[Stored items]
%%

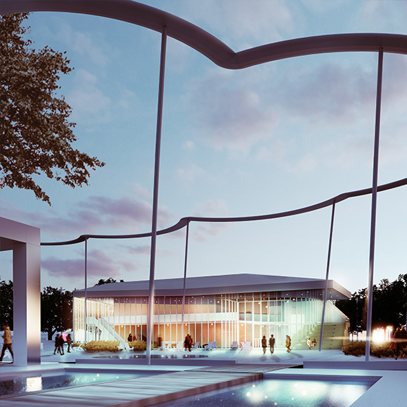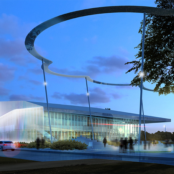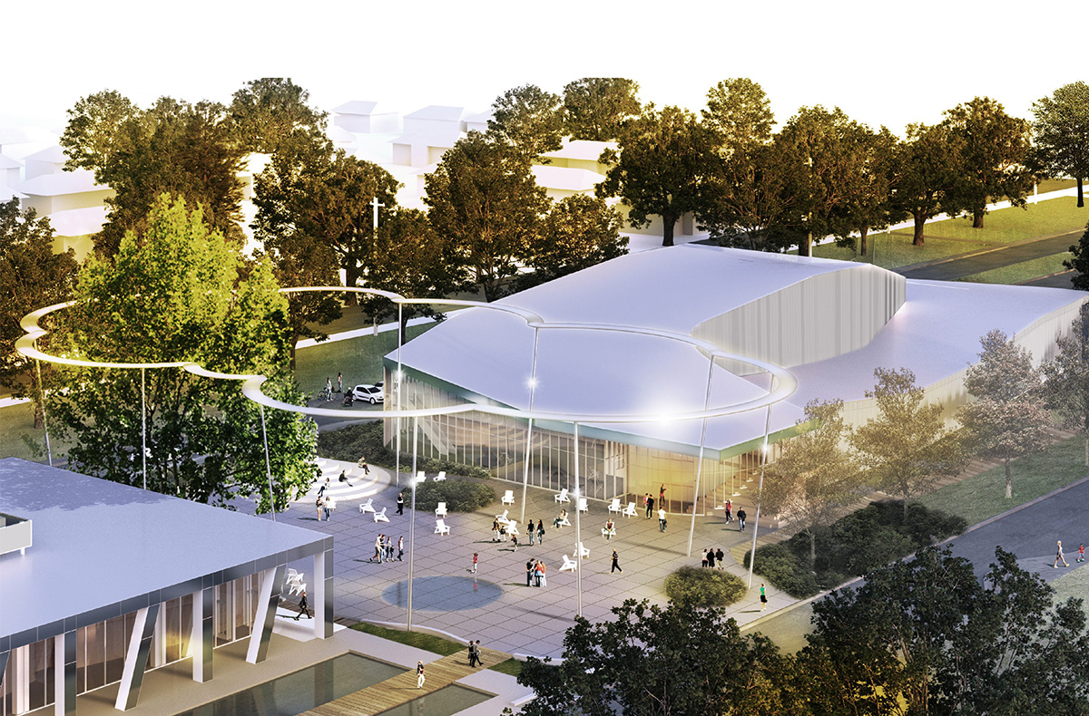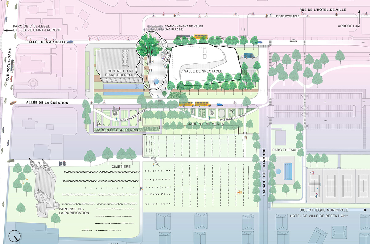 Our proposal for the Repentigny Performing Art Centre landscape and public plaza addresses the different functional components set out by the City, while creating a highly visible link between the facilities of the new cultural space. Placing it– in a strong and subtle way –  amid its urban context. Located in the heart of a large urban park, the site is bounded by Ile Lebel park and the St. Lawrence River to the East, the Thifaut Park sports centre to the West, and a church and cemetery to the North, where an existing cross is in position with the axis of the future plaza.
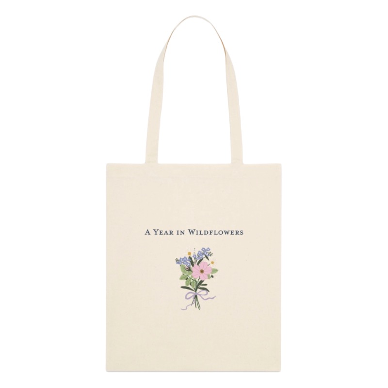 Das Design des Beutels zeigt auf der Vorderseite zwölf illustrierte Wildblumen mit ihren botanischen Namen – jede davon steht stellvertretend für einen Monat im Jahr. Die Rückseite ziert ein kleiner Wildblumenstrauss mit dem Titel „A Year in Wildflowers“.
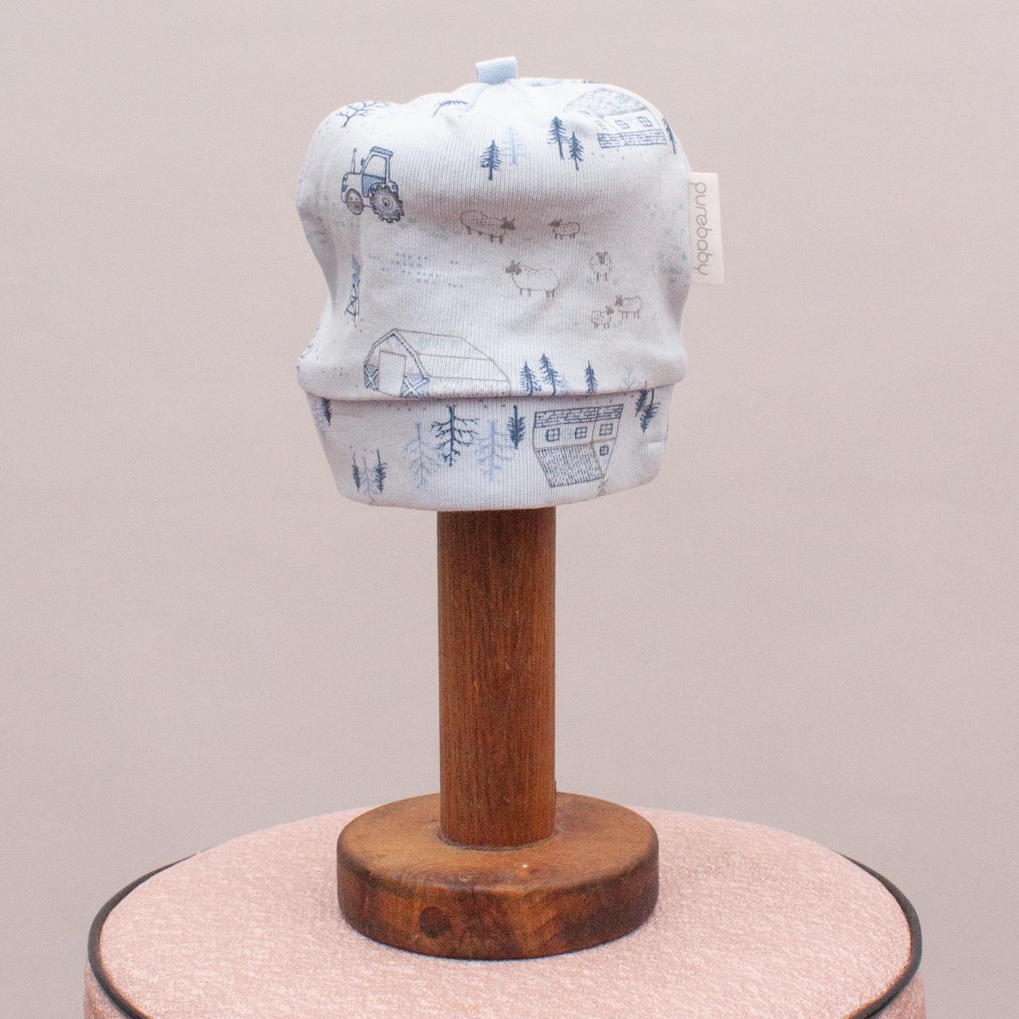 Purebaby pastel blue beanie with farm pattern throughout - Size Small
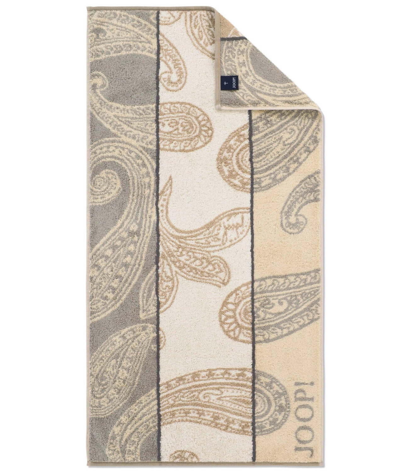 Ręcznik wyróżnia się ponadczasowym, orientalnym wzorem paisley, który został przedstawiony w niezwykle gustownym wydaniu. Projekt opiera się na harmonijnym połączeniu trzech pasów kolorystycznych – chłodnej szarości, ciepłego piaskowego beżu oraz delikatnej, złamanej bieli. Ta spokojna i uniwersalna kompozycja tworzy niezwykle stylowy efekt, który wnosi do wnętrza spokój i klasę. Całość dopełnia elegancko wplecione logo JOOP!, będące symbolem autentyczności i nienagannej jakości.
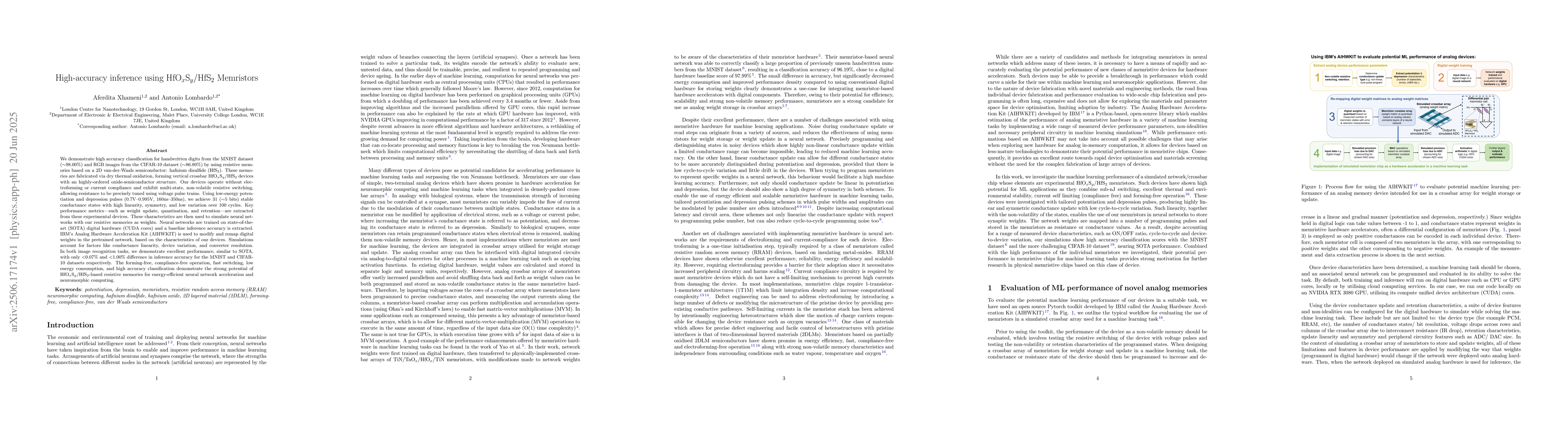 The paper presents a novel approach to utilizing HfO$_x$S$_y$/HfS$_2$ memristors for high-accuracy inference, showcasing their potential in neuromorphic computing and energy-efficient hardware accelerators.
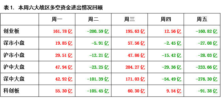 从表1的每日六大战区多空资金进出情况中可以看到,虽然在本周一的行情中,多方资金全面进场,但周二多方的后续力量并没有及时跟上,空方趁机施压,六大战区均出现了资金大幅出逃,其中不仅深中大盘战区与科创板战区当天资金流出双双超过百亿,创业板战区的资金流出额更是高达200亿;好在周三多方强力反击,及时遏制住了市场连续杀跌,不过通过与周二各战区的资金流出额相比可以发现,创业板战区与科创板战区的资金回流量都没有完全覆盖掉周二的资金流出额,所以市场中的做多信心还是受到了打击;也正因如此,周四与周五,多方都未能再次取得优势,资金不仅连续两天以流出为主,而且抛压还有持续增强的迹象,意味着行情尚未企稳,后市调整仍会持续。
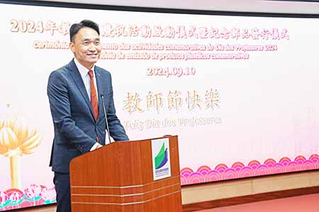 龔志明局長表示,感謝全澳教學人員及教育工作者的付出,一直為特區政府培養優秀人才。回歸二十五年來,在國家的支持下,教育界和各持分者共同努力,澳門教育事業不斷發展,教育質素不斷提升。PISA 2022研究結果中指出,在過去二十年,澳門學生在數學、科學和閱讀素養表現都保持穩定向上的趨勢,澳門教育系統是實現卓越和公平的典範。新生效的《非高等教育教學人員的專業發展制度》提供更有系統和理論與實務相結合的專業發展活動,提升教學人員的專業發展成長。此外,特區政府持續完善高等教育體制,強化和提升院校自身的管治水平,亦建立了高等教育素質保證制度,持續與澳門高校攜手優化辦學質量,近年澳門高校在多個世界大學排行榜、學科排行榜的排名持續上升。配合澳門“一中心、一平台、一基地"發展定位,教青局將進一步推動教育高質量發展,並從多方面深化愛國愛澳教育的工作,培育助力澳門經濟適度多元發展和融入國家發展大局所需的人才。
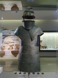 There are four types of graves that are found at sites from the Middle Helladic period; pit graves, tholos graves, cist graves, and shaft graves. A pit grave is self explanatory, as it is simply a pit in the ground, while tholos styled graves are characterized as being more of a chamber like tomb.[21] Cist graves and shaft graves are interesting because they are two styles of burial that originate from the Middle Helladic period itself,[21] and it is believed that migrants who moved to Greece during this period influenced the creation of these new burial styles. Cist graves are deep and rectangular with a tumulus, or mound of earth, placed over top and came about during the beginning of the Middle Helladic period. Shaft graves are larger and deeper than cist graves (measuring on average 6 meters long, 4 meters wide, and 4 meters deep) and came about during the end of the Middle Helladic period.[21] Additionally, infants are buried in special jars, pithoi, that generally measure around 30 inches (76 cm) tall. Based on the archaeological evidence, at Middle Helladic burial ceremonies bodies are placed in graves on their sides with their knees bent (women are placed on their left sides, and men on their right[23]), then those present at the ceremony drink from cups that they then leave at the tomb.[21] Burial customs also included leaving valued items with the bodies like pottery, silver, or bronze.[23]
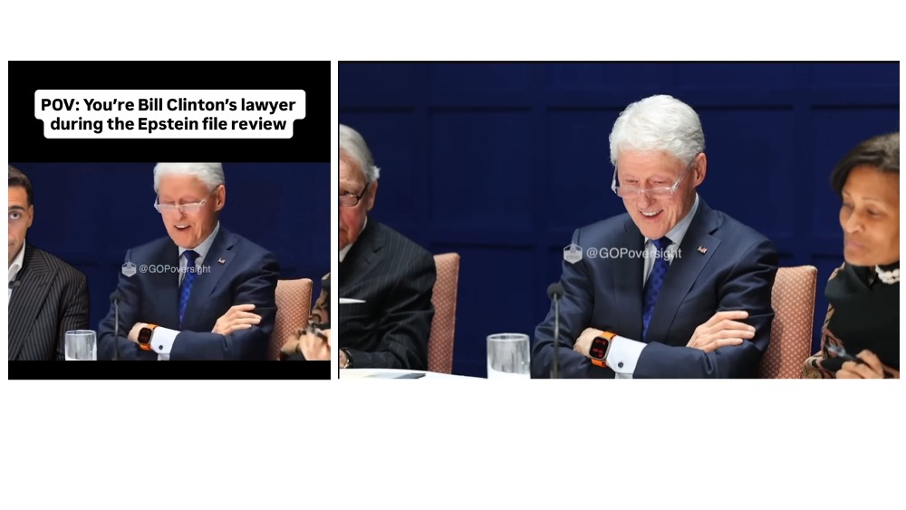 3月5日,Instagram用戶「jonbernardk」發布一則Instagram影片,片中文字寫道:「POV(情境):當你是克林頓在回顧愛潑斯坦案件時的律師」。影片中,前美國總統比爾·克林頓坐在正中,其右側一名男子對他說:「總統先生,作為你的律師,我強烈建議你在檢視證據時不要微笑⋯⋯你這樣看起來有點懷念過去⋯⋯總統先生,請盡量表現得很驚訝。」
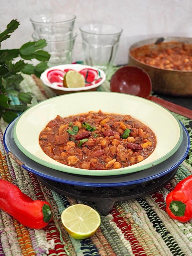 Kasvispäivän täyteläinen ja täyttävä safka on vegaaninen, suklaalla viimeistelty Chili sin Carne. Tällä kertaa se syntyi ns. hävikkiperiaatteella otetaan mitä on!

%%

[TASK GOAL] With all pictures removed, reproduce the lines from the top of the entries above through the line containing "The paper presents", exactly as written.

[EXERCISE OUTPUT]
 Our proposal for the Repentigny Performing Art Centre landscape and public plaza addresses the different functional components set out by the City, while creating a highly visible link between the facilities of the new cultural space. Placing it– in a strong and subtle way –  amid its urban context. Located in the heart of a large urban park, the site is bounded by Ile Lebel park and the St. Lawrence River to the East, the Thifaut Park sports centre to the West, and a church and cemetery to the North, where an existing cross is in position with the axis of the future plaza.
 Das Design des Beutels zeigt auf der Vorderseite zwölf illustrierte Wildblumen mit ihren botanischen Namen – jede davon steht stellvertretend für einen Monat im Jahr. Die Rückseite ziert ein kleiner Wildblumenstrauss mit dem Titel „A Year in Wildflowers“.
 Purebaby pastel blue beanie with farm pattern throughout - Size Small
 Ręcznik wyróżnia się ponadczasowym, orientalnym wzorem paisley, który został przedstawiony w niezwykle gustownym wydaniu. Projekt opiera się na harmonijnym połączeniu trzech pasów kolorystycznych – chłodnej szarości, ciepłego piaskowego beżu oraz delikatnej, złamanej bieli. Ta spokojna i uniwersalna kompozycja tworzy niezwykle stylowy efekt, który wnosi do wnętrza spokój i klasę. Całość dopełnia elegancko wplecione logo JOOP!, będące symbolem autentyczności i nienagannej jakości.
 The paper presents a novel approach to utilizing HfO$_x$S$_y$/HfS$_2$ memristors for high-accuracy inference, showcasing their potential in neuromorphic computing and energy-efficient hardware accelerators.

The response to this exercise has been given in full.